Capital expenditures (CapEx) for 3D NAND conversion? They’re wild. And not only are they wild, but they’re also slow. It used to be that new equipment meant some minor upgrades—now it’s a complete overhaul. And the cash cost? Sure, the cash cost per gigabyte goes down, but the upfront cost is so insane it’s like buying a Tesla to save on gas but needing a bank loan to cover the purchase price.

Transitioning to 3D NAND isn’t just a technical challenge; it’s a financial one, too. Companies like Micron face massive CapEx requirements for retrofitting factories to support new 3D architectures. While 3D NAND reduces costs per gigabyte in the long run, the upfront investment is substantial. For investors, CapEx decisions are critical in assessing a company’s financial health and ability to remain competitive in the memory industry.
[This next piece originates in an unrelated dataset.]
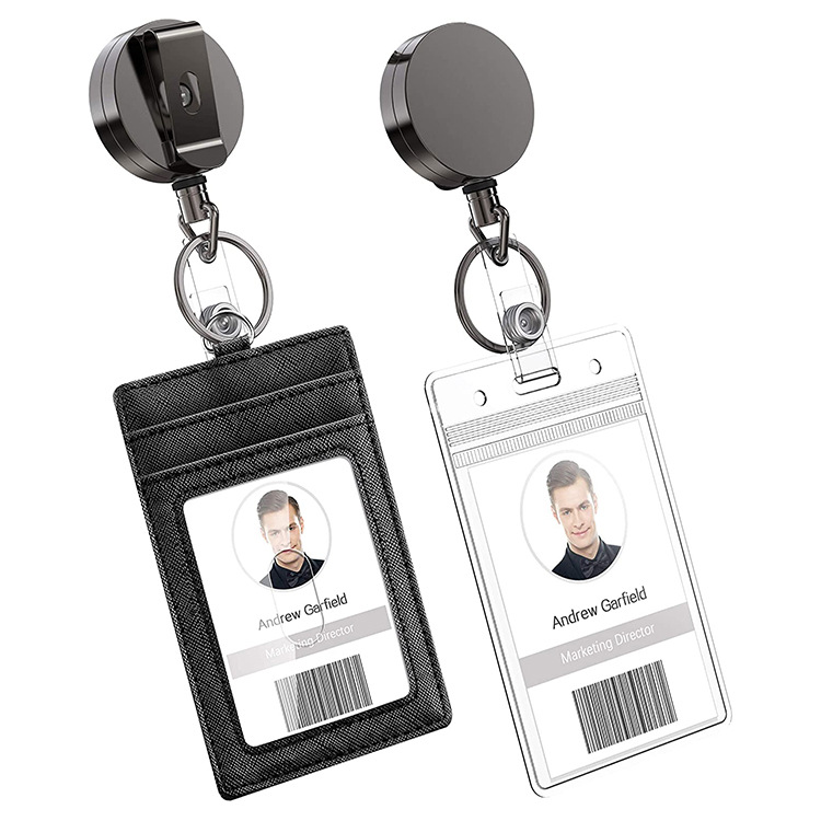 亜鉛合金楕円引きやすい伸縮キーホルダー黒いpu革証明書カードカバー1.5cmストラップ引きやすい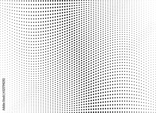 Abstract halftone wave dotted background. Futuristic twisted grunge pattern, dot, circles. Vector modern optical pop art texture for posters, business cards, cover, labels mock-up, stickers layout

DRAM Challenges: The New Recipe Dilemma

You’d think NAND was enough to keep semiconductor engineers busy. But nope, DRAM has its own set of scaling nightmares. Back in the day, you could just shrink everything by half, like slicing a cake into smaller, neater pieces. But now, engineers have realized that simply making DRAM smaller isn’t enough. They’re having to introduce entirely new materials, as if the old flour stopped working and they now need a whole new recipe to make the same cake.

Scaling DRAM has become a triple threat—longer timelines, higher costs, and way more complicated recipes. Picture a chef trying to make soufflé while also redesigning the oven to work on alien energy—that's DRAM scaling now.

As with NAND, DRAM scaling is hitting roadblocks that require new materials and techniques. In the past, DRAM scaling was straightforward; now, engineers are forced to experiment with new materials to maintain performance. This shift introduces longer development timelines and higher costs, adding pressure to companies already investing heavily in NAND. For investors, understanding these R&D costs is essential to anticipate the impact on profit margins and product cycles.

At the end of the day, the memory industry’s journey is a combination of brilliant breakthroughs, budget constraints, and doing everything because the competition is doing it too. Companies like Micron, Samsung, and SK Hynix are stuck in this dance—building bigger, building more, and doing whatever it takes to keep the memory industry not just alive, but thriving. Sure, Moore’s Law might not be the magical oven anymore, but that’s not stopping anyone from trying to make it work with whatever crazy tools they’ve got.

And while we as consumers keep wanting more data, more storage, and more speed, just remember the real heroes are those engineers trying to figure out how to turn a pizza oven into a silicon skyscraper factory—without burning the whole kitchen down.